TASK: Give the data again exactly as it appears, excluding any pictures.
■ ■ ■
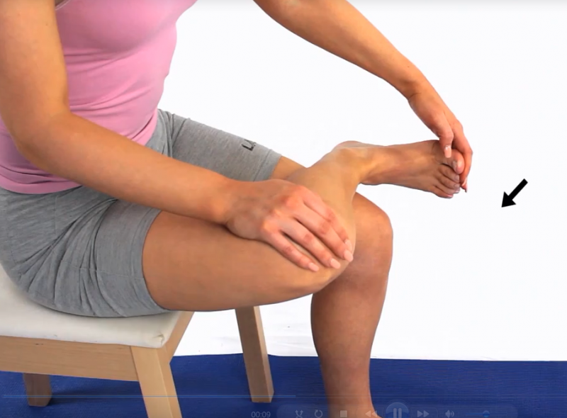 발가락에 붙어 있는 건, 쉽게 말하자면 힘줄이 발바닥 근육과 연결되어 있는데 발바닥 근육이 짧아지면서 발가락을 당기게 되죠. 그렇게 되면 망치발가락 형태가 나타나게 됩니다. 발가락이 구부러지는 것을 예방하기 위해서 발가락을 뒤로 젖히고 오므리고 펴는 동작을 반복해 줍니다.
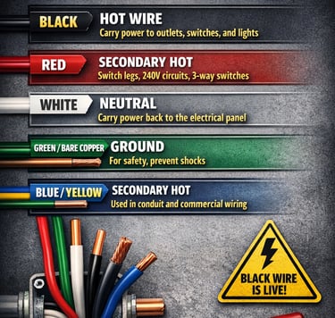 If you’ve ever opened an electrical box or looked behind an outlet, you’ve probably noticed that the wires inside are different colors. These colors aren’t random — they follow a system designed to help electricians quickly identify what each wire does.
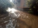По вулиці Степана Бандери вода підійшла до під'їздів будинків і залила цілі двори.
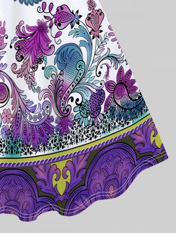 Robe Vintage Ligne A Cachemire Imprimé de Grande Taille sans Manches - Pourpre - Pourpre
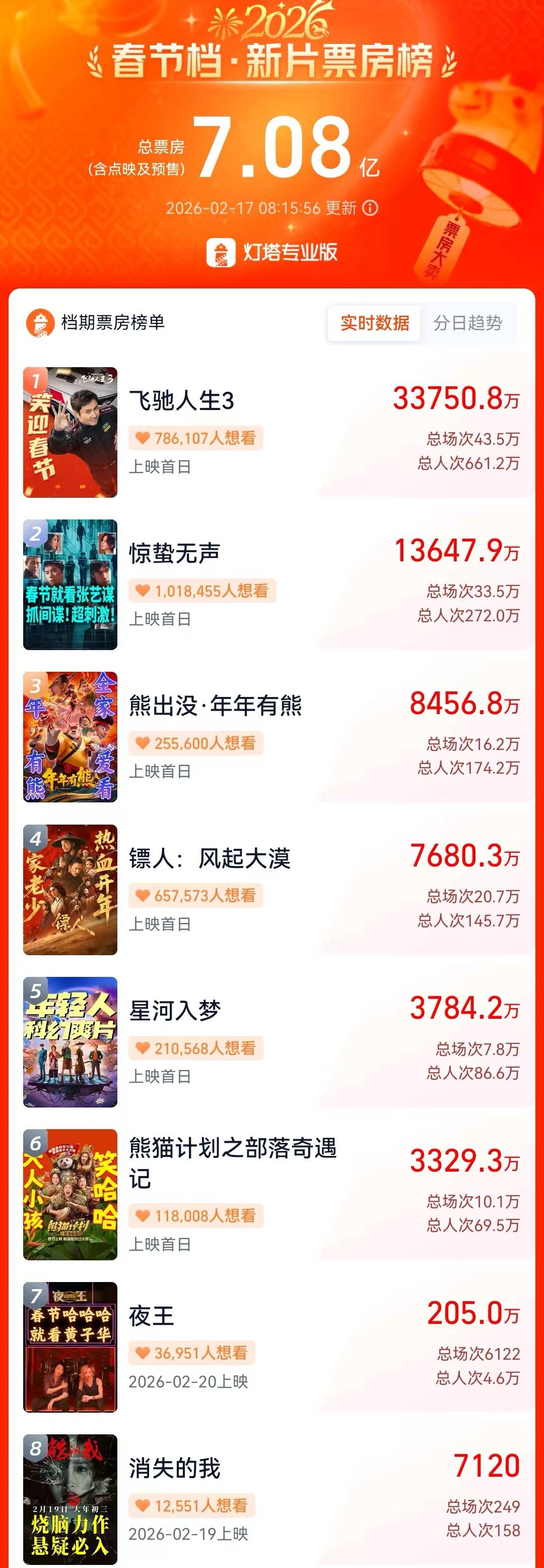 《星河入梦》《熊猫计划之部落奇遇记》预售票房各3784万元、3329万元,落在后面。《熊猫计划之部落奇遇记》在六部热片中稳稳垫底。
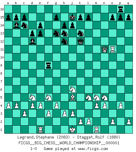 Last move : 1-0 2011 November 8 8:42:0 [Event "FICGS__BIG_CHESS__WORLD_CHAMPIONSHIP__000001"] [Site "FICGS"] [Date "2011.05.10"] [Round "1"] [White "Legrand,Stephane"] [Black "Staggat,Rolf"] [Result "1-0"] [WhiteElo "2083"] [BlackElo "1880"] 1.m2-m4 j15-k13 2.p1-o3 m15-m13 3.b1-c3 n15-n13 4.e2-e4 e15-e13 5.j2-k4 p16-o14 6.n2-n4 d15-d13 7.h1-o7 h15-g13 8.f1-b5 b16-c14 9.o1-f9 f16-c13 10.d2-d4 o16-g9 11.l1-o4 l16-p12 12.c1-k8 c16-l8 13.g1-f3 h16-l13 14.k1-l3 g16-f14 15.m1-m3 l8-m9 16.o7-n6 k16-l14 17.n6-g6 g9-e11 18.c3-d5 p12-n10 19.f9-j6 m9-j6 20.k4-j6 l14-m12 21.h2-j4 f14-h13 22.j4-l5 m12-l10 23.k8-h10 l13-l12 24.a2-a4 l10-j11 25.e1-e3 n10-m11 26.g6-d9 l12-g12 27.d9-b9 g13-e12 28.f3-h4 c13-b14 29.a1-e1 e16-e14 30.e3-g3 g12-k9 31.b9-d7 a16-d16 32.l3-m5 k13-h12 33.d7-j12 j11-k13 34.b5-h11 k9-l9 35.h10-k8 l9-a9 36.k8-f4 a9-a5 37.b2-b4 a5-a7 38.h11-e14 f15-e14 39.c2-c3 d16-f16 40.o4-k8 e12-g13 41.j12-e8 f16-f11 42.g3-g7 a7-d10 43.k8-h6 d10-n10 44.g7-n7 n10-q10 45.o3-n5 e11-d12 46.m3-q3 q10-o10 47.q3-o3 o10-q10 48.n7-p7 q16-p16 49.e8-h5 j16-j15 50.h4-f5 m16-f16 51.g2-g4 f11-h11 52.h5-j4 q10-q12 53.h6-j5 q12-k12 54.p7-n7 n13-n12 55.q1-m1 f16-f9 56.f2-f3 m11-l10 57.j4-p10 l10-q5 58.p2-p4 q5-m9 59.o3-o14 m9-o11 60.p10-o10 n12-n11 61.f4-n11 m13-m12 62.o14-o11 m12-n11 63.n7-n11 h11-n11 64.o10-n11 1-0 Follow this game move after move (download)What would Chess be without silly mistakes ? (Kurt Richter) Es hat in meinem Leben Zeiten gegeben, da ich sehr nahe daran war zu glauben, daß ich auch nicht eine einzige Schachpartie verlieren könnte. (José Raúl Capablanca) En posiciones complicadas, Bobby Fischer pocas veces tuvo que temer de cualquiera. (Paul Keres) A ce moment-là, je menaçais de comprendre la position ! (Clément L'Heureux) Just because you do not take an interest in politics doesn't mean politics won't take an interest in you. (Pericles 430 B.C.)
■ ■ ■
YOUR RESPONSE:
 발가락에 붙어 있는 건, 쉽게 말하자면 힘줄이 발바닥 근육과 연결되어 있는데 발바닥 근육이 짧아지면서 발가락을 당기게 되죠. 그렇게 되면 망치발가락 형태가 나타나게 됩니다. 발가락이 구부러지는 것을 예방하기 위해서 발가락을 뒤로 젖히고 오므리고 펴는 동작을 반복해 줍니다.
 If you’ve ever opened an electrical box or looked behind an outlet, you’ve probably noticed that the wires inside are different colors. These colors aren’t random — they follow a system designed to help electricians quickly identify what each wire does.
По вулиці Степана Бандери вода підійшла до під'їздів будинків і залила цілі двори.
 Robe Vintage Ligne A Cachemire Imprimé de Grande Taille sans Manches - Pourpre - Pourpre
 《星河入梦》《熊猫计划之部落奇遇记》预售票房各3784万元、3329万元,落在后面。《熊猫计划之部落奇遇记》在六部热片中稳稳垫底。
 Last move : 1-0 2011 November 8 8:42:0 [Event "FICGS__BIG_CHESS__WORLD_CHAMPIONSHIP__000001"] [Site "FICGS"] [Date "2011.05.10"] [Round "1"] [White "Legrand,Stephane"] [Black "Staggat,Rolf"] [Result "1-0"] [WhiteElo "2083"] [BlackElo "1880"] 1.m2-m4 j15-k13 2.p1-o3 m15-m13 3.b1-c3 n15-n13 4.e2-e4 e15-e13 5.j2-k4 p16-o14 6.n2-n4 d15-d13 7.h1-o7 h15-g13 8.f1-b5 b16-c14 9.o1-f9 f16-c13 10.d2-d4 o16-g9 11.l1-o4 l16-p12 12.c1-k8 c16-l8 13.g1-f3 h16-l13 14.k1-l3 g16-f14 15.m1-m3 l8-m9 16.o7-n6 k16-l14 17.n6-g6 g9-e11 18.c3-d5 p12-n10 19.f9-j6 m9-j6 20.k4-j6 l14-m12 21.h2-j4 f14-h13 22.j4-l5 m12-l10 23.k8-h10 l13-l12 24.a2-a4 l10-j11 25.e1-e3 n10-m11 26.g6-d9 l12-g12 27.d9-b9 g13-e12 28.f3-h4 c13-b14 29.a1-e1 e16-e14 30.e3-g3 g12-k9 31.b9-d7 a16-d16 32.l3-m5 k13-h12 33.d7-j12 j11-k13 34.b5-h11 k9-l9 35.h10-k8 l9-a9 36.k8-f4 a9-a5 37.b2-b4 a5-a7 38.h11-e14 f15-e14 39.c2-c3 d16-f16 40.o4-k8 e12-g13 41.j12-e8 f16-f11 42.g3-g7 a7-d10 43.k8-h6 d10-n10 44.g7-n7 n10-q10 45.o3-n5 e11-d12 46.m3-q3 q10-o10 47.q3-o3 o10-q10 48.n7-p7 q16-p16 49.e8-h5 j16-j15 50.h4-f5 m16-f16 51.g2-g4 f11-h11 52.h5-j4 q10-q12 53.h6-j5 q12-k12 54.p7-n7 n13-n12 55.q1-m1 f16-f9 56.f2-f3 m11-l10 57.j4-p10 l10-q5 58.p2-p4 q5-m9 59.o3-o14 m9-o11 60.p10-o10 n12-n11 61.f4-n11 m13-m12 62.o14-o11 m12-n11 63.n7-n11 h11-n11 64.o10-n11 1-0 Follow this game move after move (download)What would Chess be without silly mistakes ? (Kurt Richter) Es hat in meinem Leben Zeiten gegeben, da ich sehr nahe daran war zu glauben, daß ich auch nicht eine einzige Schachpartie verlieren könnte. (José Raúl Capablanca) En posiciones complicadas, Bobby Fischer pocas veces tuvo que temer de cualquiera. (Paul Keres) A ce moment-là, je menaçais de comprendre la position ! (Clément L'Heureux) Just because you do not take an interest in politics doesn't mean politics won't take an interest in you. (Pericles 430 B.C.)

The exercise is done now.